The function of this system is to sense the elevated concentration of lactate and then detect potential mitochondrial dysfunction in autistic children. To verify this, we used filter paper, a common supply in the laboratory, to perform the experiment. First, we dropped the bacteria solution onto the filter paper. After 30 minutes, our engineering bacteria were firmly attached to the filter paper. Then we added lactate and x-gal onto the filter paper and observed the color changes.

Figure 20. color of the filter paper under different lactate concentrations

We performed the function analysis at different lactate concentrations (1 mol/L, 10$^{-3}$ mol/L, and 10$^{-6}$ mol/L) and used double distilled water as the negative control.

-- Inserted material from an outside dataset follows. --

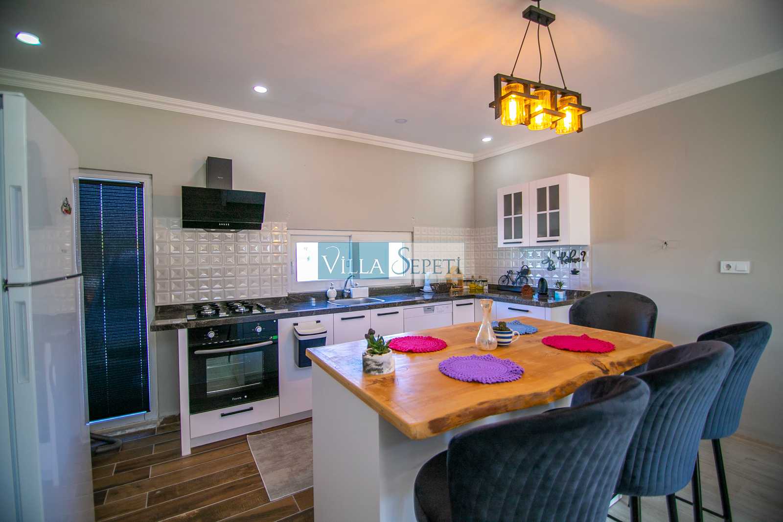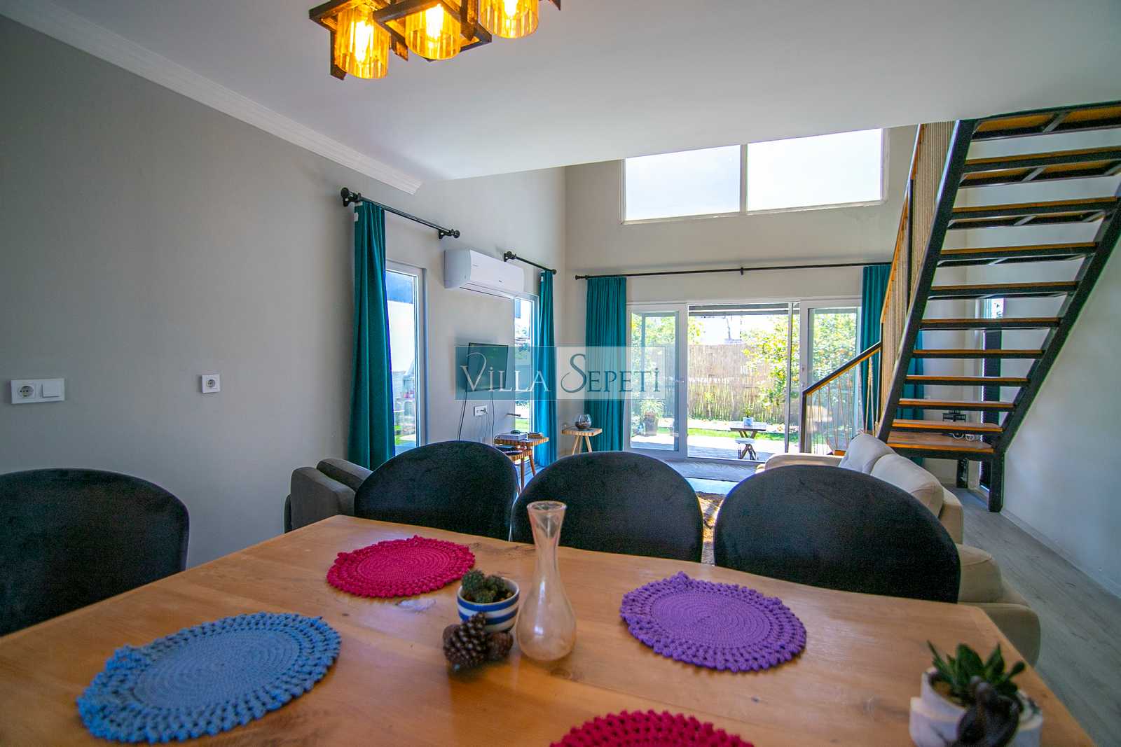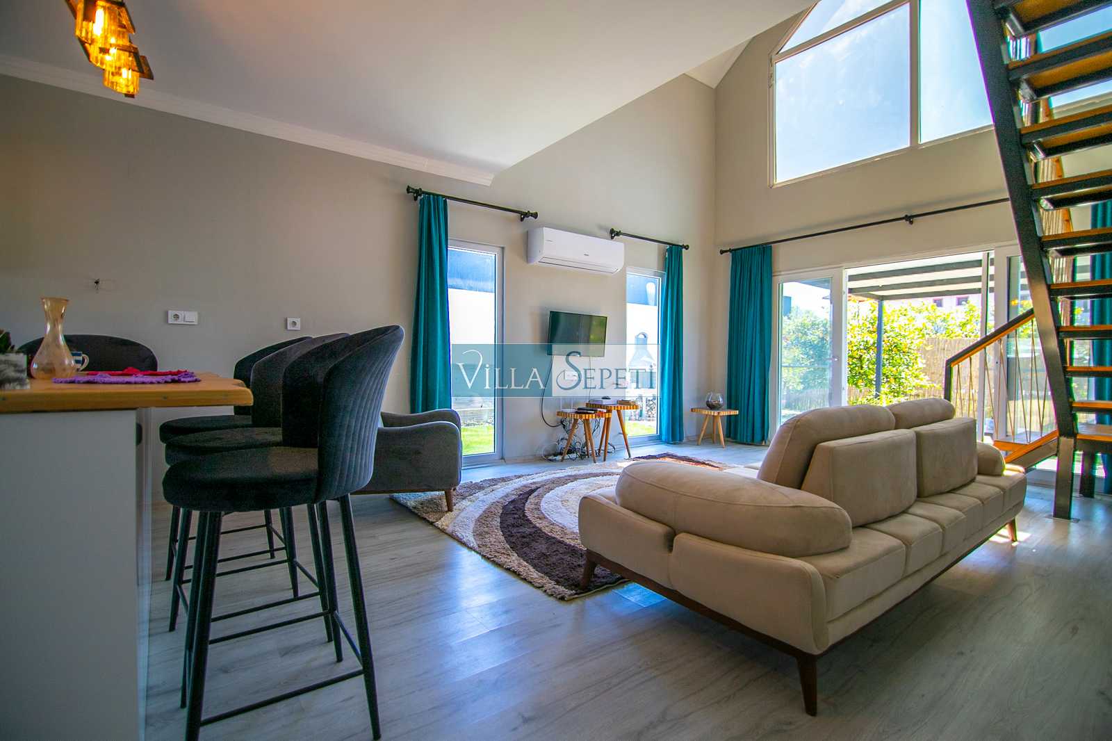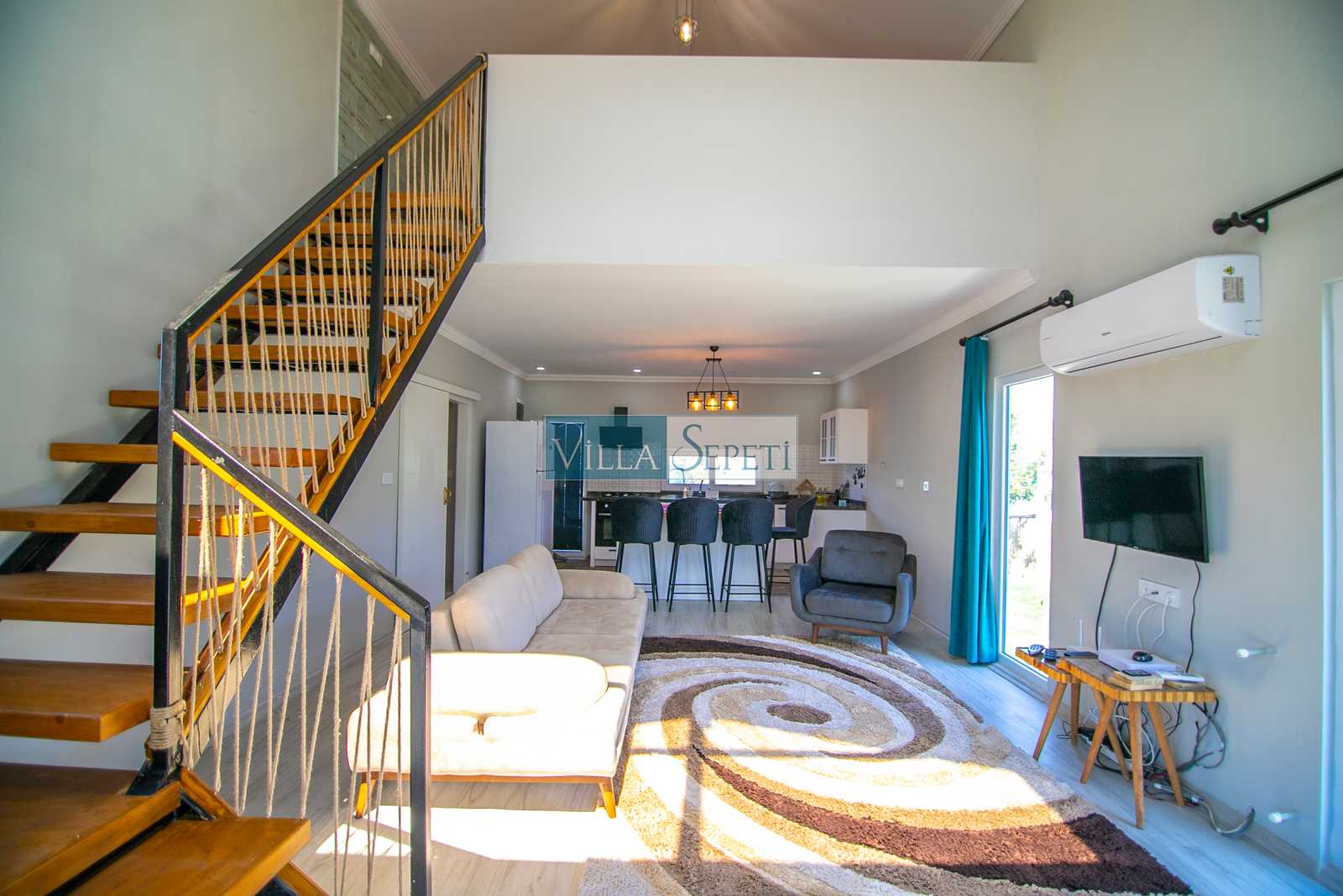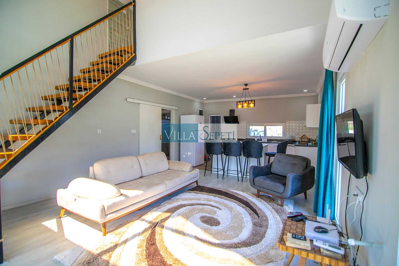 Doğa içerisinde sessiz ve sakin bir konumda bulunan villamızın içi oldukça şık ve konforunuza uygun olarak döşenmiş olup tüm mobilya ve beyaz eşyalar özenle seçilmiştir.

As shown in the figure above, without the induction of lactate, the lacZ protein produced by the chassis bacteria was insufficient to color the filter paper. When adding 10$^{-6}$-1 mol/L lactate, the filter paper turned blue, and as the concentration of lactate increased, the blue became darker. This confirmed that our lactate test strip was functional.

However, the color change was not very significant to the naked eye, which may be related to our plasmid being a low copy, the material of filter paper, the lower activity of bacteria after fixing on the test paper, and the unsuitable reaction environment.